I slanted my mouth over hers, finding a better angle, a groan tearing from my throat. She met me stroke for stroke, her initial desperation fanned into answering heat. Both of her small hands were now tangled in my hair, her fingers tightening, pulling me impossibly closer.
I pressed myself against her, backing her up a step until her spine met the rough clapboard of the house.
Fierce arousal, a white-hot flame I hadn’t experienced in longer than I cared to admit, flared to life, coiling tight and low in my gut, hardening me against her.
There was no thought, no room for the usual litany of warnings that usually governed my interactions.
Only the surprising, explosive rightness of her mouth on mine.
I couldn’t stop. Didn’t want to.
All the irritation, the annoyance, the walls I’d constructed since the accident, brick by painful brick—they were just gone. Incinerated in this unexpected, bewildering, overwhelming clash of mouths.

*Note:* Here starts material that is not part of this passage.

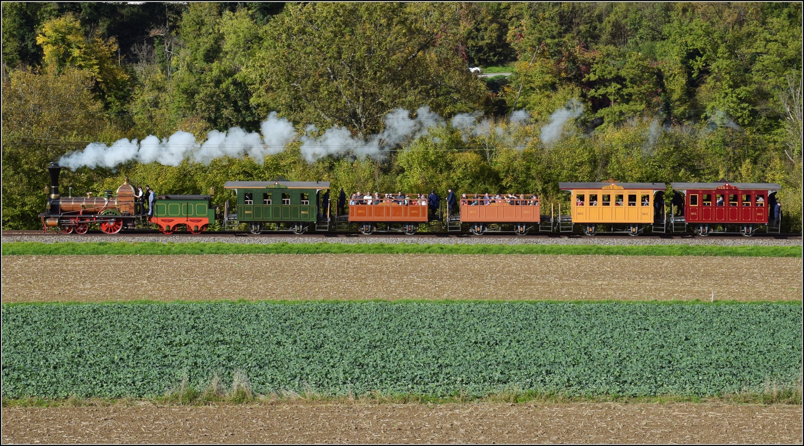 175 Jahre Spanisch-Brötli-Bahn. Entlang der N13 bei Schwaderloch. Im Hintergrund ist der Hotzenwald, südlichster Ausläufer des Schwarzwalds. Oktober 2022.

Just as suddenly as it began, as the fire threatened to rage out of control, it ended.
We broke apart, or perhaps stumbled back from each other, breathless, chests heaving.
I stared down at her, my hands still loosely on her waist. A fine tremor ran through her, or maybe it was me who was shaking.
Her eyes were wide, dazed, her lips swollen and damp from my kiss, a vulnerable pink against the tear-streaked grime on her face.
The remnants of her earlier despair were still there, but now mingled with a look of shell-shocked surprise that surely mirrored my own.
This was a mistake. A colossal, Category Five, no-good-can-come-of-this, what-in-the-hell-am-I-doing mistake.
Because for one breathless moment, holding her, tasting her, I had felt something other than the dull ache of the past. That feeling sent a bolt of pure, cold terror through me.
It was a taste of something I could lose.
A sensation like a target painted on my back, just waiting for the universe to take its shot. Again.
The sounds of Dove Key rushed back in—the distant drone of a boat engine out on the Gulf, the insistent cry of a gull circling overhead, the gentle, indifferent rustle of palm fronds in the breeze. The heat of the sun was oppressive again, pressing down on us.
What. The. Hell. Just. Happened?
I couldn’t form a coherent thought, let alone a sentence. I just stared at her, this bewildering, infuriating, undeniably passionate woman. She stared back, the air between us charged with the frightening, electrifying weight of what we’d just done.